What all three disparate but everyday instances have in common is that they represent interactions with plastics products whose origins derive from raw material produced in Korea by foreign-invested corporations. "You won't find our name on any consumer item, but the final product will have BASF material in them," said Klaus Kaltenthaler, Vice President and Representative Director of BASF Styrenics Korea, whose acrylonitrile-butadiene-styrene (ABS) finds its way into luggage handles, vacuum cleaner housings and other products which receive rough handling.
"We make resins which we sell to molders which make the product necessary for the end product," he said.
"We make a global product," said Peter Van Damme, president of GE Plastics Korea whose five lines at the company's Chungju plant in central Korea produces engineered plastics, the base material for products as diverse as computer monitor screens, Hyundai bumpers, door handles, handphones and CDs. In particular, he notes the international electronics market represents "top growth potential driven by global accounts." A computer sold under a famous brand may well have been developed in Europe or the USA but manufactured in Korea by a conglomerate or chaebol on a sub-contract basis. "Compaq, Apple, IBM, anybody I know will source in Korea," said Mr. Van Damme. GE Plastics provides technical support at every stage of product development to sub-contractors through the company's CAD/CAE (computer assisted engineering) department where, via simulation, items such as computer monitors are virtually test-injection molded before production begins to ensure the highest level of success. "To produce a global product, it's necessary to meet all the specifications [of the contracting company], not just a few," said Mr. Van Damme.

DOUBLING CAPACITY

Counting GE Plastics Korea among its customers worldwide is fiber glass manufacturer, LGOC, a joint venture between chaebol LG and Owens-Corning. "We supply to clients in Europe, the U.S., and several other countries," says LGOC Assistant Export Manager M.H. Kang. Established in 1993, LGOC operates a plant in Kimchon 250 km to the south of Seoul. The chopped strand product sold to GE is compounded with thermoset or thermoplastics resins and additives used in injection or compression moldings. Other LGOC customers include chaebol Sunkyung (SK) and Kolon, which uses the strand in material for its sporting goods. Overseas marketing and distribution is handled through Owens-Corning.

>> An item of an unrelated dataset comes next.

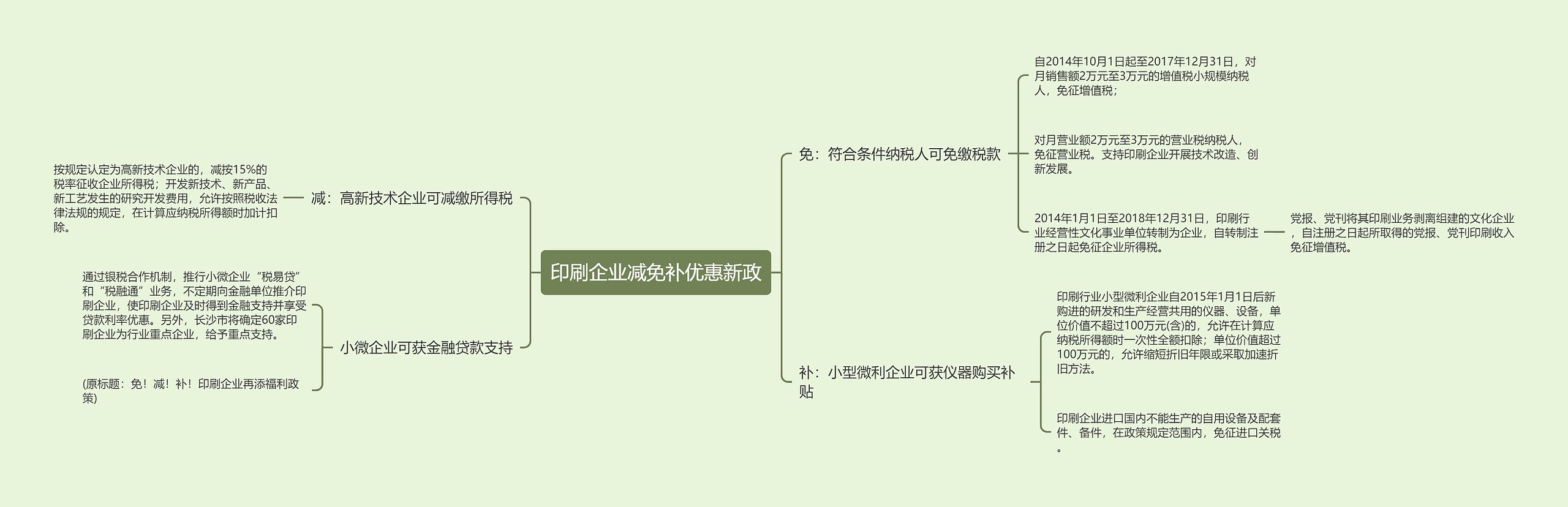 树图思维导图提供《印刷企业减免补优惠新政》在线思维导图免费制作,点击“编辑”按钮,可对《印刷企业减免补优惠新政》进行在线思维导图编辑,本思维导图属于思维导图模板主题,文件编号是:ba5c1f3b1ed547149e48d5fbf5c2d8dc

Additional Owens-Corning technology doubled capacity at the LGOC plant to 54,000 M/T last year. "It's mainly for export to North America and Europe and including all of Asia-Pacific," said Mr. Kang who says efforts are afoot through Owens-Corning to supply GE Plastics plants in the U.S.
BASF Styrenics's ABS is just one of the BASF family of plastics products produced in Korea for world markets. Other Styrenics products from its Ulsan plant, formerly operated as a joint venture with the Hyosung chaebol, include housing insulation material expandable polystyrene (EPS), and polystyrene (PS).

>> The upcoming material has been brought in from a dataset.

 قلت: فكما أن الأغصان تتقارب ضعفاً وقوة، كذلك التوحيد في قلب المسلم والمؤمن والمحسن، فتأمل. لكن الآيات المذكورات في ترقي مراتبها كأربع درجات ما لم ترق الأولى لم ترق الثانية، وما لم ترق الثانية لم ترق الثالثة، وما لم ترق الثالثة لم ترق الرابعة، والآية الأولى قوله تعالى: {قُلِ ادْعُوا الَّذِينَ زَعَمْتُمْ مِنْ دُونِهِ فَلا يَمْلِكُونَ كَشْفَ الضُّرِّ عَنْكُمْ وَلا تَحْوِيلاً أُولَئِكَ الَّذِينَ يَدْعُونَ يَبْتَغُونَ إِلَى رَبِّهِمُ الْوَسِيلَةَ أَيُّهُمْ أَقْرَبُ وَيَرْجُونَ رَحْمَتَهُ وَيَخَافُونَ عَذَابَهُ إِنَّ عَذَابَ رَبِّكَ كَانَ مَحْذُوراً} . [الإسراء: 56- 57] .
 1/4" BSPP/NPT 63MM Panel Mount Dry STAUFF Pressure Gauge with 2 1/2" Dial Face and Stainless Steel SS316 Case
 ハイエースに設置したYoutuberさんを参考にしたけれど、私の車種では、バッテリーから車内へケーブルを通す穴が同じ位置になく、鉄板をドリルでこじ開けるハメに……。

BASF Urethane Korea, previously a joint venture with the Hanwha chaebol produces 80,000 M/T per year of MDI which finds its way into Adidas and Nike sports shoes, dashboards, and other auto industry applications. BASF Korea, which since 1982 has operated as BASF's exclusive import agent to Korea for clients in textiles, plus the chemical, leather and synthetic fiber industries, is now in the process of completing a plant of its own to produce 20,000 M/T annually of PolyTHF (Polytetrahydrofuran).
PolyTHF is used to produce elastomeric fibers used in beach- and sportswear. Through a licensing arrangement with Mitsubishi Chemical, BASF Korea is also planning a plant to produce Tetrahydrofuren (THF) and Buntanediol (BDO). Although not related to plastics, but nevertheless indicative of the company's global approach to investment in Korea, BASF Korea bought out the lysine business of the Daesang company in March. Having the capability to produce lysine, an animal nutrient, is calculated to strengthen BASF's position in this area.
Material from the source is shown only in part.